WORK INSTRUCTIONS:
Take nothing but the lines from the one with "CG MOBILE Guess" through the one with "Zimmermann 2023夏季新款 Halcyon 系带露腰迷你连衣裙" in the entries below, both ends kept, and return them exactly with pictures left out.

Excerpts from a dataset:
┌──
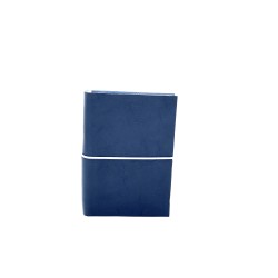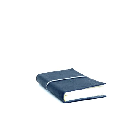 Quaderno taccuino in cuoio blu certificato dal Consorzio Vera Pelle Conciata al Vegetale in Toscana e lavorato a mano, con pratico e colorato elastico, misura piccola.
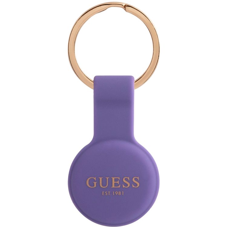 CG MOBILE Guess Silicone Classic Logo Case with Keychain Compatible for Airtag, Portable Protective Skin Cover, Anti-Lost Holder with Key Ring Suitable for AirTag Bluetooth Tracker, Easy to Attach Keys, Backpacks, Liner Bags Officially Licensed - Purple
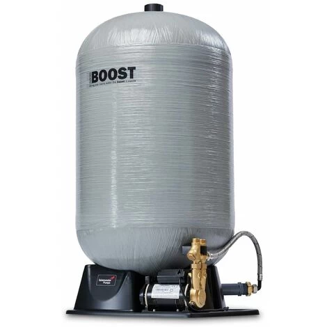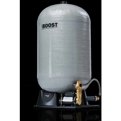 Pumped 180L A pumped accumulator offers an excellent solution when your incoming mains flow is below 12ltr/min and/or the static pressure is below 2.0 bar. This pump will always maintain 12 litres per minute along with the extra flow provided by the tank. The 180L pumped accumulator delivers a maximum flow rate of 18 ltr/min for 9 mins, giving an extra boost to mains water flow. |
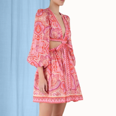 Zimmermann 2023夏季新款 Halcyon 系带露腰迷你连衣裙
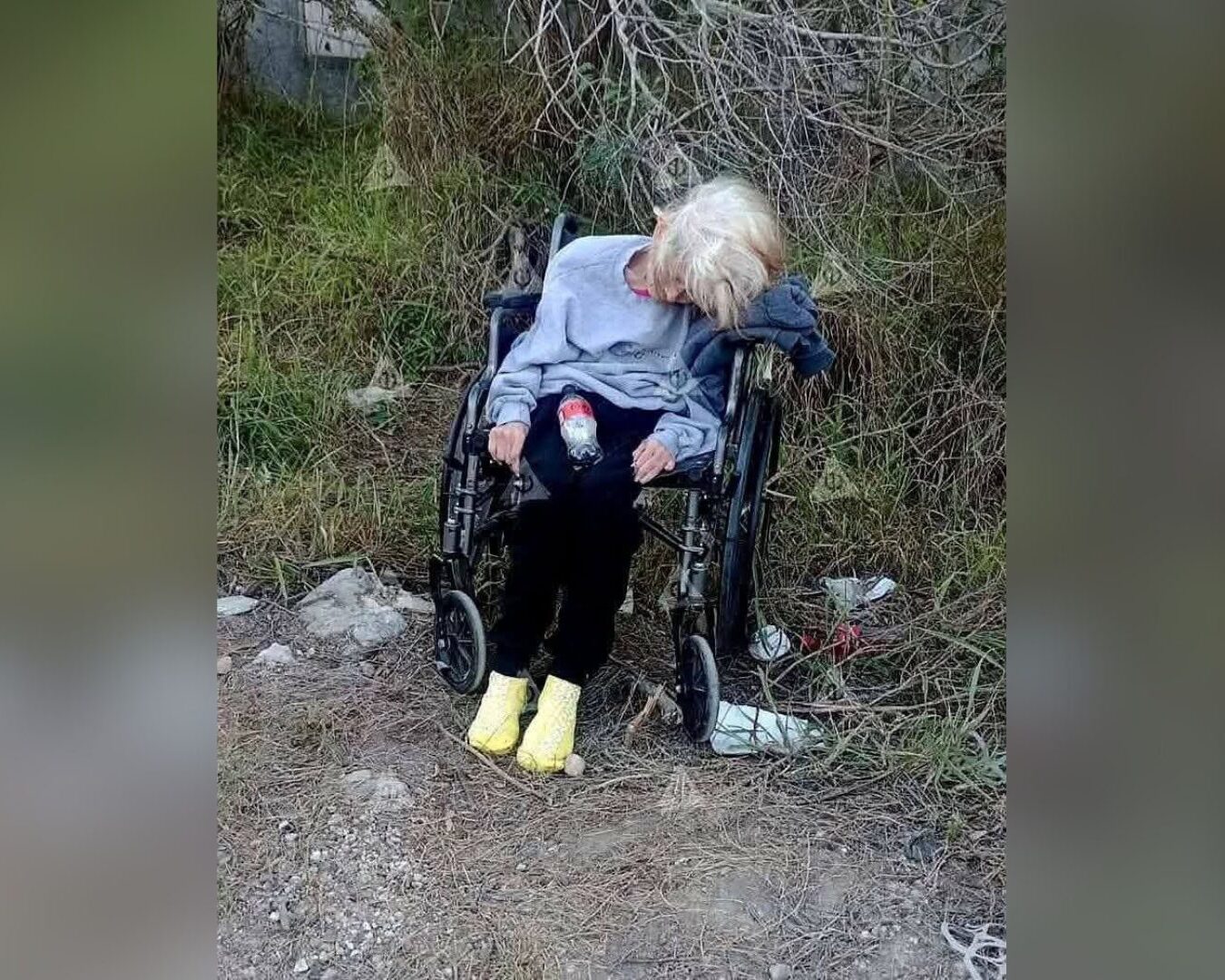 Y fue hasta ahora en que fue localizada abandonada, postrada a una silla de ruedas, bajo la lluvia y el fuerte frio.
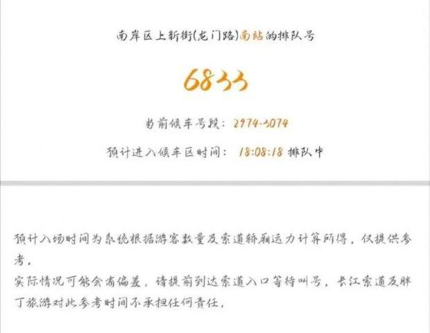 微博网友晒出的照片显示,长江索道排号一度超过了6800号
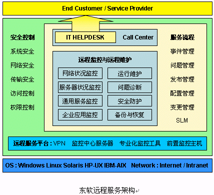通過東軟遠(yuǎn)程服務(wù)平臺向客戶提供基于廣域網(wǎng)的主機(jī)系統(tǒng)運(yùn)行維護(hù)、數(shù)據(jù)庫系統(tǒng)運(yùn)行維護(hù)、網(wǎng)絡(luò)系統(tǒng)運(yùn)行維護(hù)、存儲備份系統(tǒng)運(yùn)行維護(hù)、安全系統(tǒng)運(yùn)行維護(hù)、系統(tǒng)升級和擴(kuò)展服務(wù)等。
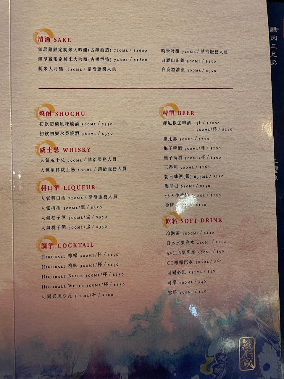 除了提供無酒精飲料外,無盡藏居酒屋還供應各種類型的酒類,包括清酒、威士忌、啤酒、Highballs、利口酒和韓式蒸餾酒品。這讓顧客有更多的選擇,以搭配他們喜愛的餐點。
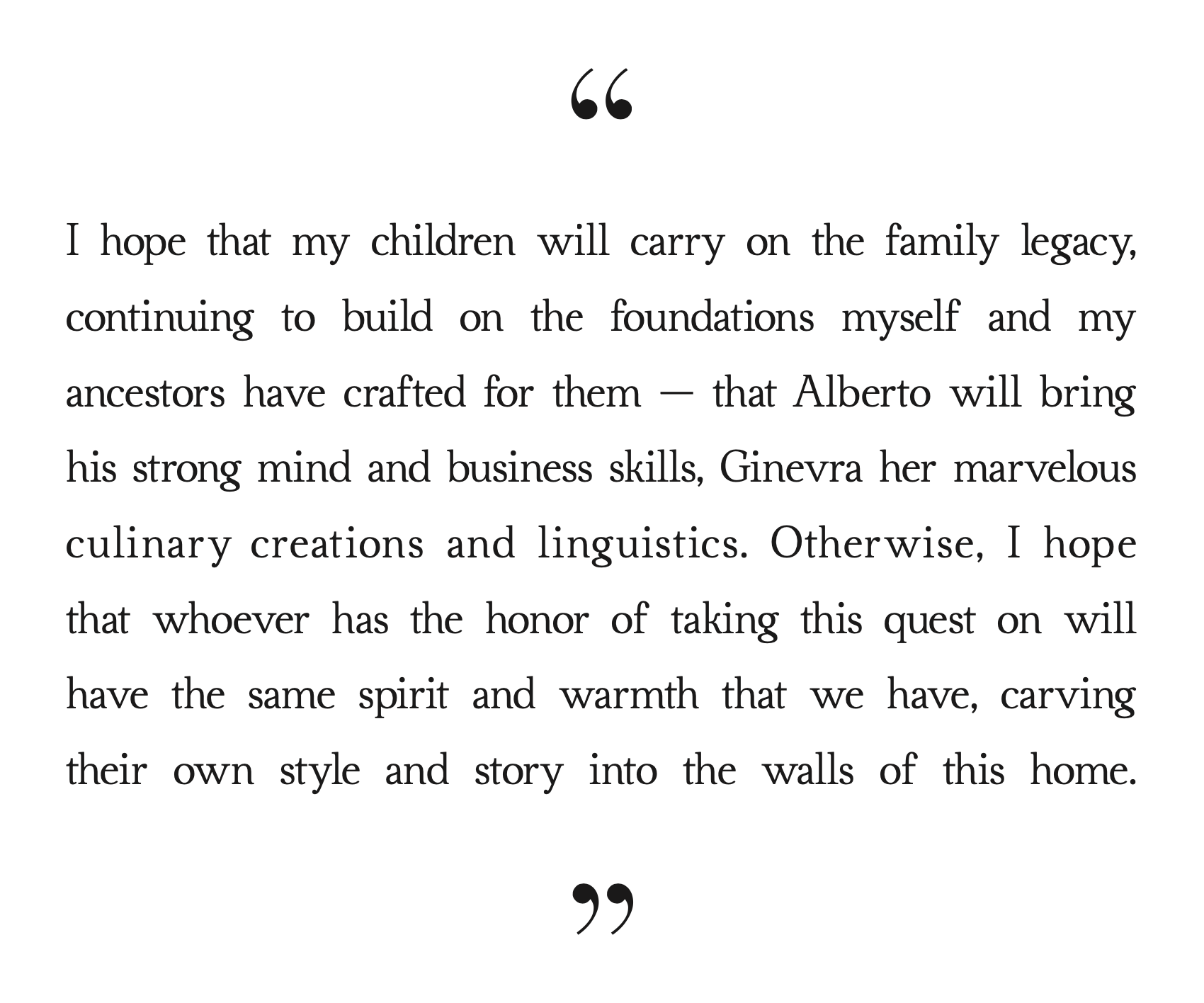 What sets Hotel Principe apart is the prevalent sense of family felt throughout the hotel, a value that is at the heart of the national culture. “The hotel is our home, it always has been. Ever since my parents fell in love, crossing paths for the first time on the road just outside our front doors, we have crafted the walls of this beautiful building into a home that welcomes people from all nations to stay as a family.” When you meet the team members, you feel that they are loyal, attentive, and passionate. To name them, “Hardip, Anna, Geraldine, Rodel, Jeffrey, Ferdinando, Sacha e Andrea, and Daisy [are considered to be] cousins, sisters, brothers, aunties and uncles.” As a guest, there is something comforting about running into the same familiar faces every day. Whenever you interact with them, you truly have the impression you’ve become part of their famiglia e casa.
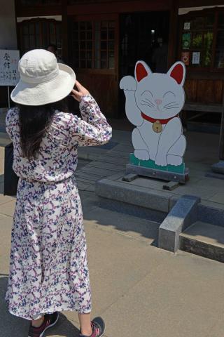 Visitor to Gotoku-ji, a Tokyo temple with strong cat associations.
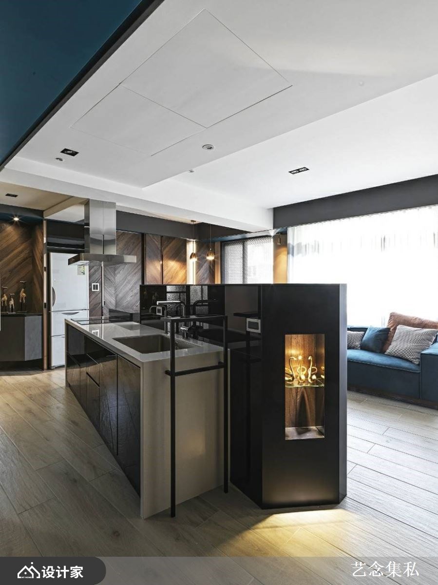 公共空间以电视墙结合中岛吧台双面墙界定领域分野,多元又实用。
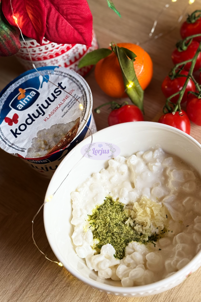 - Dubenėlyje sumaišome varškę kruopelėmis, prieskonių mišinį salotoms, tarkuotą česnako skiltelę.
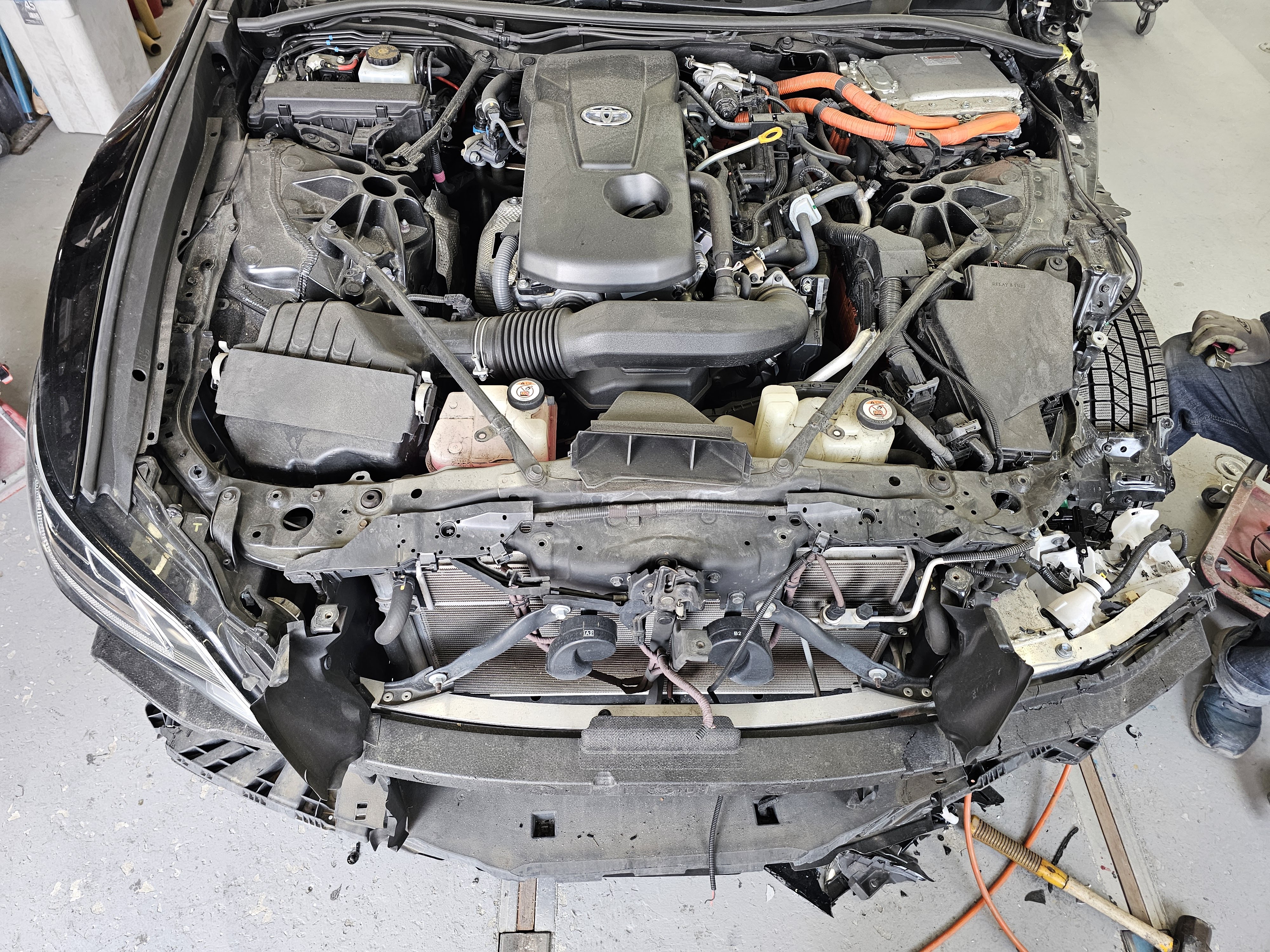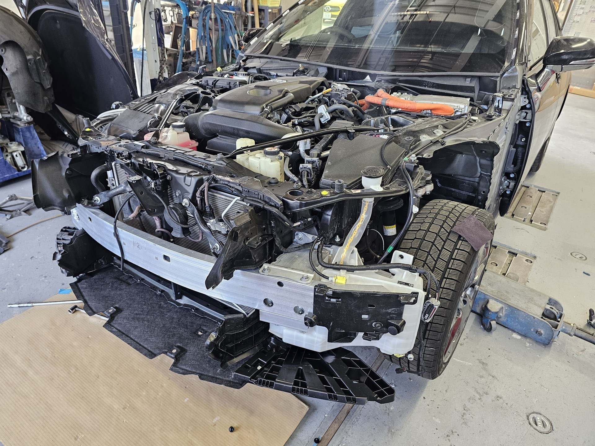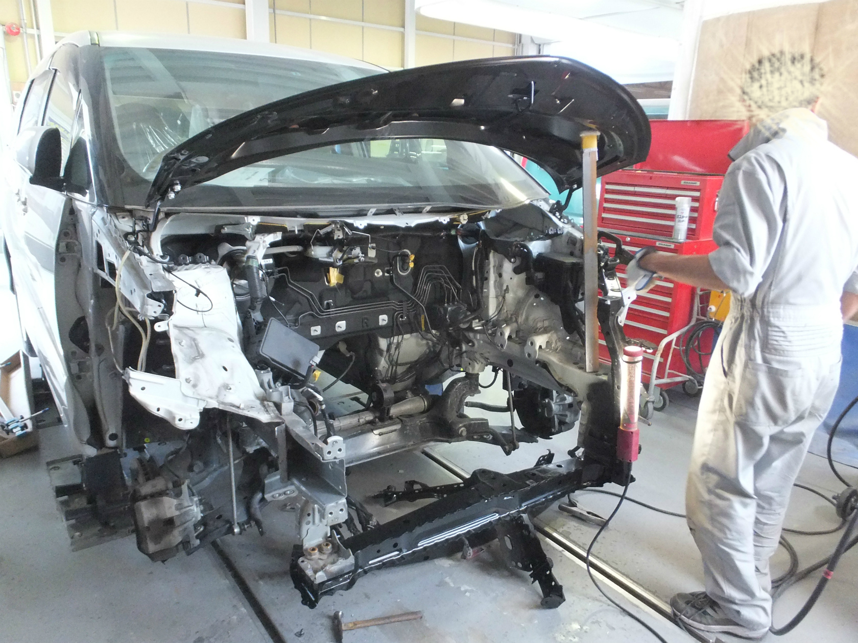 | エスティマ 前方出会い頭事故 エンジン下ろしてフレーム板金 |
└──
RESULT FOR THIS TASK:
 CG MOBILE Guess Silicone Classic Logo Case with Keychain Compatible for Airtag, Portable Protective Skin Cover, Anti-Lost Holder with Key Ring Suitable for AirTag Bluetooth Tracker, Easy to Attach Keys, Backpacks, Liner Bags Officially Licensed - Purple
 Pumped 180L A pumped accumulator offers an excellent solution when your incoming mains flow is below 12ltr/min and/or the static pressure is below 2.0 bar. This pump will always maintain 12 litres per minute along with the extra flow provided by the tank. The 180L pumped accumulator delivers a maximum flow rate of 18 ltr/min for 9 mins, giving an extra boost to mains water flow. |
 Zimmermann 2023夏季新款 Halcyon 系带露腰迷你连衣裙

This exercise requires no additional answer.